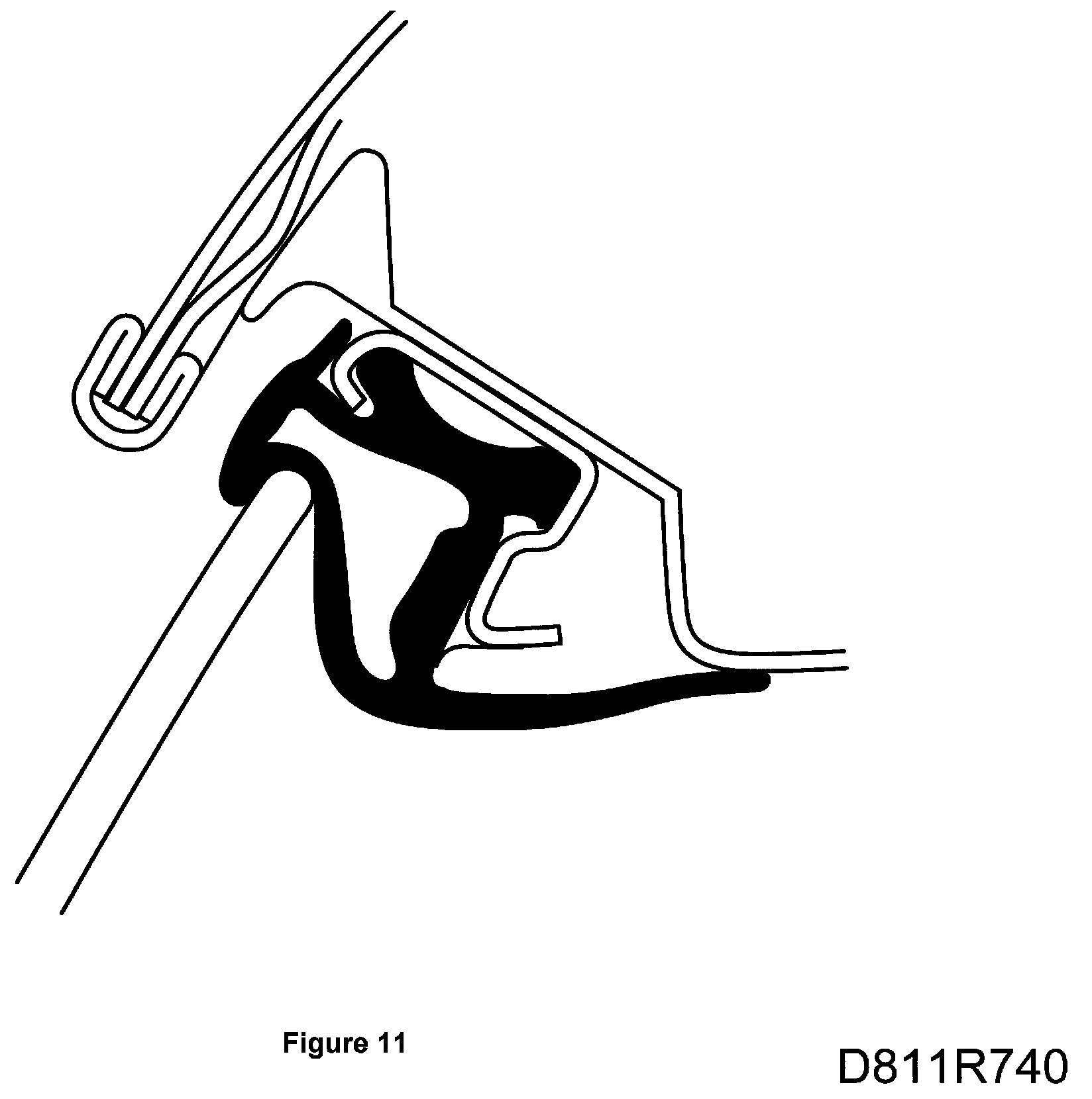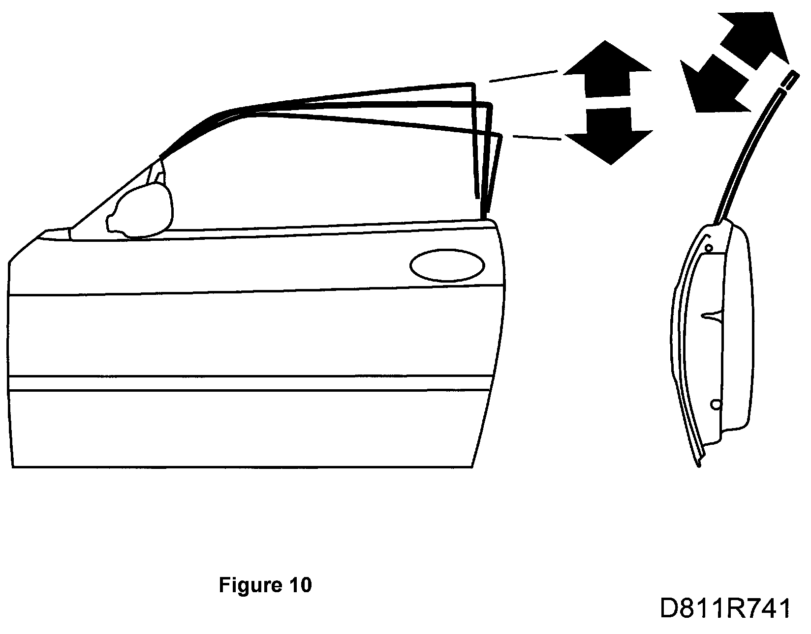 10. The force exerted by the mechanism must be distributed equally between the front and rear lifting arms. The pressure exerted by the door window against the soft top seals must be even. The edge of the door window should be positioned under the lip of the seals.
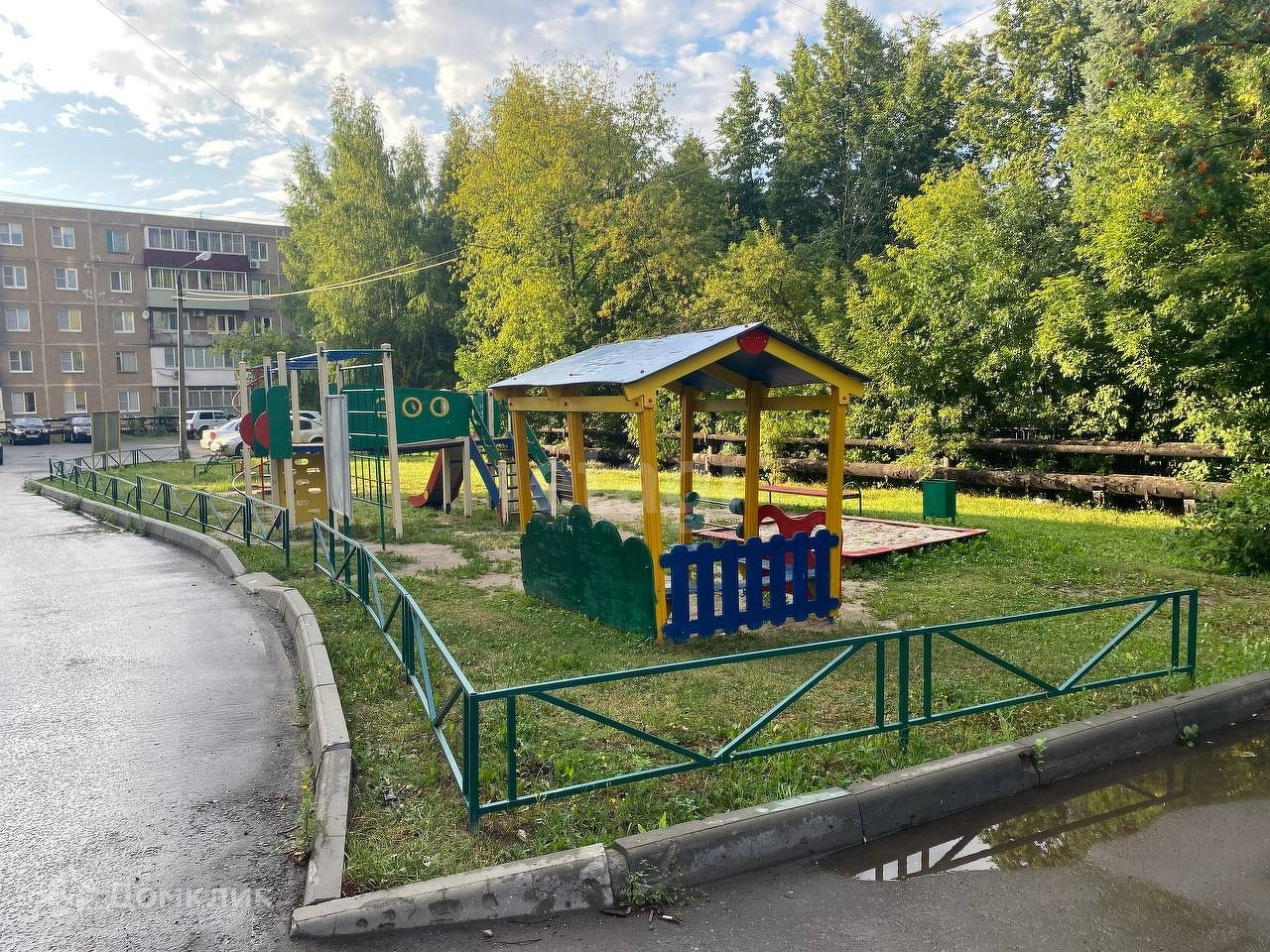 Во дворе дома есть детская площадка.
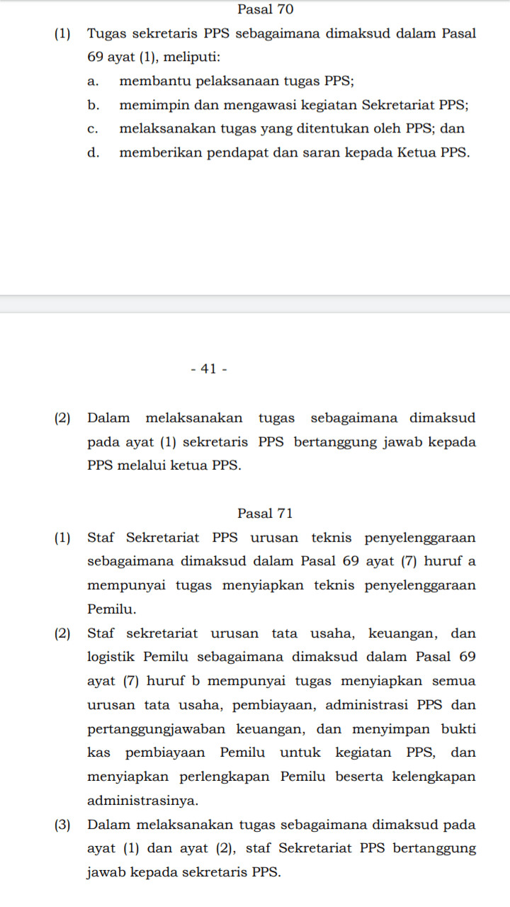 PKPU NO 3 Tahun 2018 Pasal 69, 70 dan 71 Tentang Sekretariat PPS 8 Juni 20208 Juni 2020 Ditulis oleh Admin Keceh Bagikan ini: Bagikan ke X(Membuka di jendela yang baru) X Bagikan pada Facebook(Membuka di jendela yang baru) Facebook Suka Memuat... Terkait
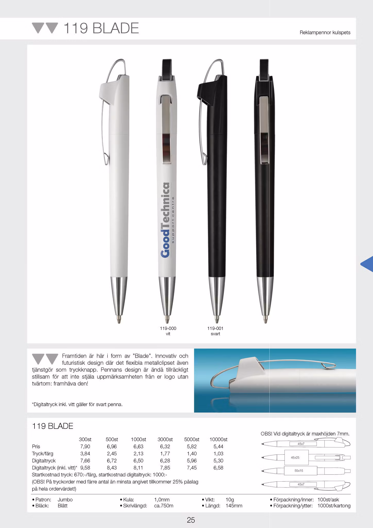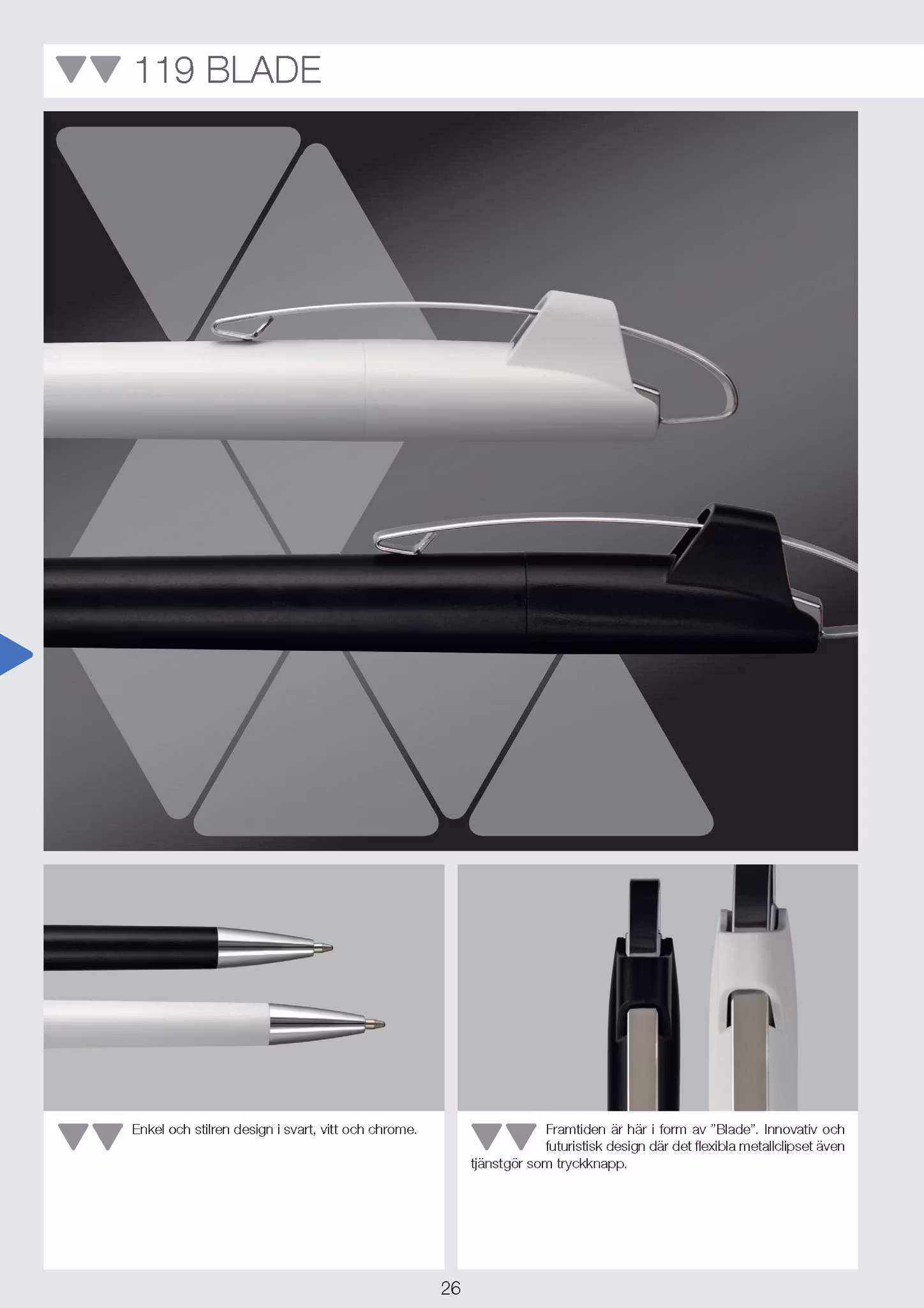 Framtiden är här i form av ”Blade”. Innovativ och futuristisk design där det flexibla metallclipset även tjänstgör som tryckknapp.
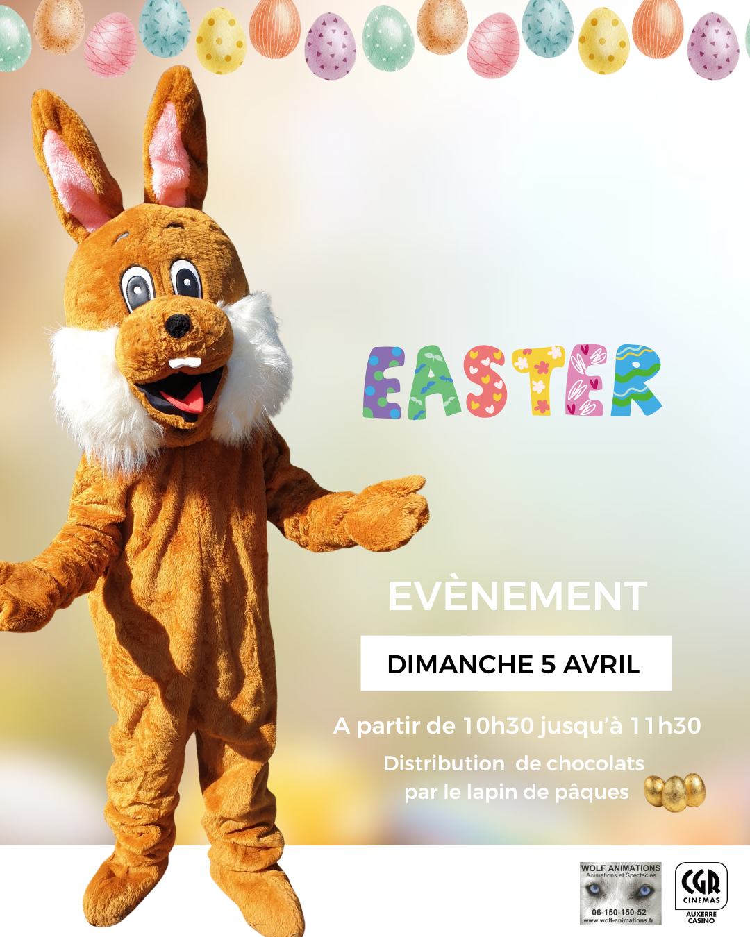 Le lapin de paques sera la pour une distribution de chocolat
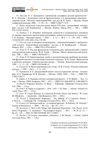 10. Маслова В. А. Культурно-национальная специфика русской фразеологии / В. А. Маслова // Культурные слои во фразеологизмах и в дискурсивных практиках : сборник статей. / Институт языкознания РАН ; отв. ред. В. Н. Телия. - Москва : Языки славянской культуры, 2004. - С. 69--76. - ISBN 5-94457-178-0.
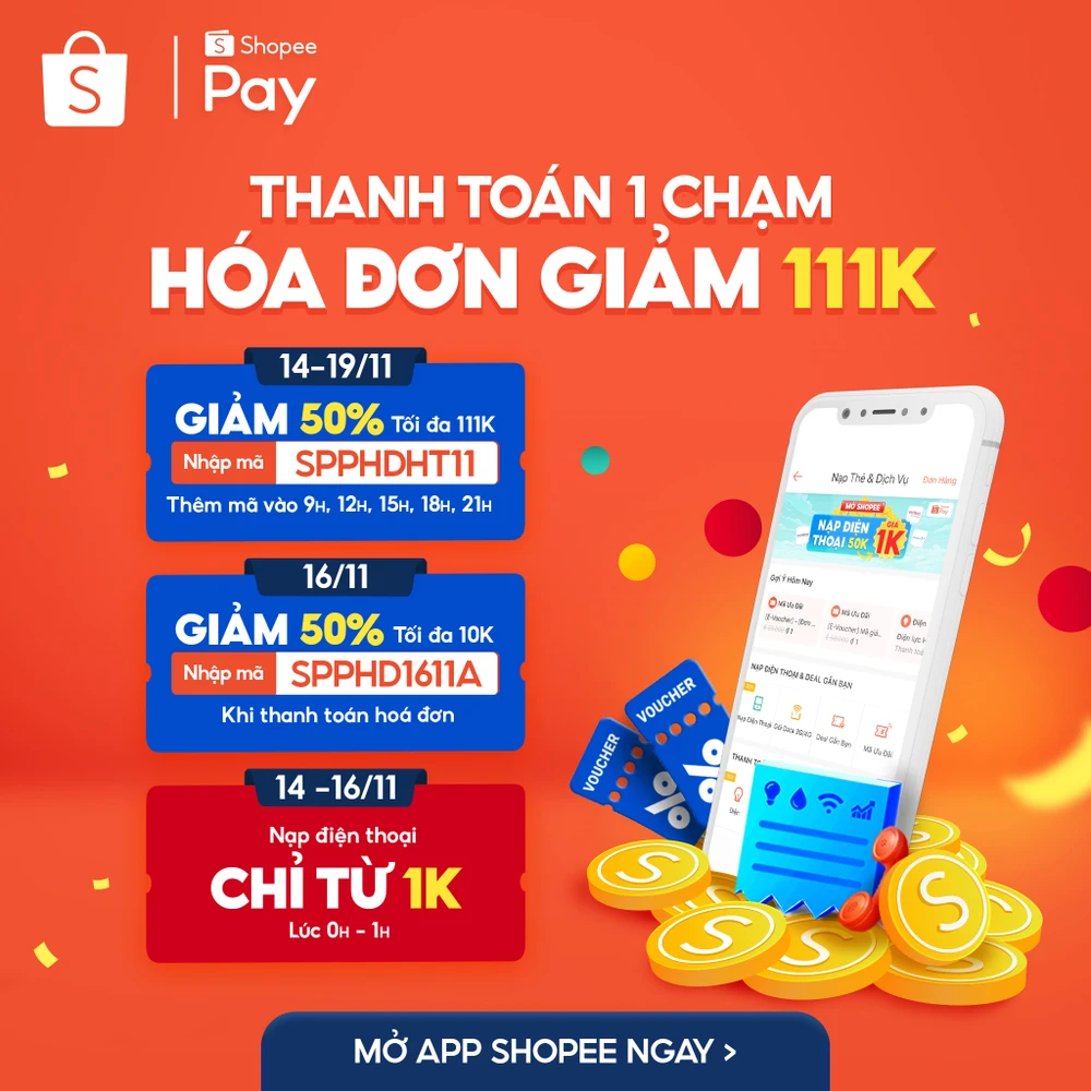 Từ ngày 14 đến 16-11, cả người dùng mới lẫn khách hàng thân thiết đều có cơ hội “săn” nhiều ưu đãi hấp dẫn tại sự kiện ShopeePay Day - Ngày vàng ưu đãi 50%. Nổi bật là các khuyến mãi áp dụng khi thanh toán hóa đơn như điện, nước, Internet…

###

◆ What is needed
Each line of the records is to be reproduced exactly, and each picture dropped.

◆ Finished exercise
 10. The force exerted by the mechanism must be distributed equally between the front and rear lifting arms. The pressure exerted by the door window against the soft top seals must be even. The edge of the door window should be positioned under the lip of the seals.
 Во дворе дома есть детская площадка.
 PKPU NO 3 Tahun 2018 Pasal 69, 70 dan 71 Tentang Sekretariat PPS 8 Juni 20208 Juni 2020 Ditulis oleh Admin Keceh Bagikan ini: Bagikan ke X(Membuka di jendela yang baru) X Bagikan pada Facebook(Membuka di jendela yang baru) Facebook Suka Memuat... Terkait
 Framtiden är här i form av ”Blade”. Innovativ och futuristisk design där det flexibla metallclipset även tjänstgör som tryckknapp.
 Le lapin de paques sera la pour une distribution de chocolat
 10. Маслова В. А. Культурно-национальная специфика русской фразеологии / В. А. Маслова // Культурные слои во фразеологизмах и в дискурсивных практиках : сборник статей. / Институт языкознания РАН ; отв. ред. В. Н. Телия. - Москва : Языки славянской культуры, 2004. - С. 69--76. - ISBN 5-94457-178-0.
 Từ ngày 14 đến 16-11, cả người dùng mới lẫn khách hàng thân thiết đều có cơ hội “săn” nhiều ưu đãi hấp dẫn tại sự kiện ShopeePay Day - Ngày vàng ưu đãi 50%. Nổi bật là các khuyến mãi áp dụng khi thanh toán hóa đơn như điện, nước, Internet…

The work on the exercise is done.